Meng was arrested at Vancouver International Airport in December 2018 by Canadian authorities at the request of the US for allegedly violating US law. She faces fraud charges, and the US Justice Department announced in January 2019 that it would formally seek her extradition to the US.
The resumption of legal proceedings in Canada has put the spotlight back on HSBC in China, after some observers cast doubt on the role the British bank played in Meng's case. The latest arguments raised by Meng's lawyers indicated that the lender was an accomplice of the US.
While Western media reports said that Huawei's relationship with Skycom is central to this high-profile case, lawyers for Huawei said in a memo filed to the B.C. Supreme Court in June that Meng had been falsely accused, and that the US authorities made reckless misstatements about a presentation the Huawei senior executive made to HSBC.
The memo included claims that the US misrepresented and ignored details of a crucial presentation that Meng gave to the London-based bank, which has become the basis of US charges that Meng lied about Huawei's business with Iran.
If a foreign financial institution privately obtains evidence through its branch in China or takes testimony from witnesses in China in order to provide such material to foreign law enforcement or judicial authorities in criminal cases under investigation, prosecution or trial, such behavior constitutes a violation of Article 4 of China's International Criminal Judicial Assistance Law, Huang Feng, director of Beijing Normal University's Institute for International Criminal Law, told the Global Times on Tuesday.

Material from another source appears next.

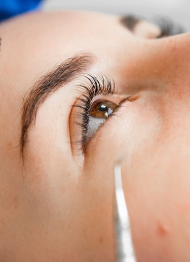 Mettez en valeur votre regard grâce aux prestations de rehaussement, teinture ou extension de cils pour un effet naturel et intense.

The British bank was already facing an unprecedented crisis in the Chinese market for its role in Meng's case and its previous ambiguous attitude toward the national security law for Hong Kong, in addition to the recently reported scandal on its alleged money laundering. The bank's shares sank to 25-year low last week as Chinese observers urged that it be put on China's first Unreliable Entity List.
The arrest of Meng has also soured China-Canada ties, as the Chinese envoy to Canada, along with the Chinese Foreign Ministry, have reiterated that the case is a purely political maneuver, which has become a fundamental reason for deteriorating bilateral ties.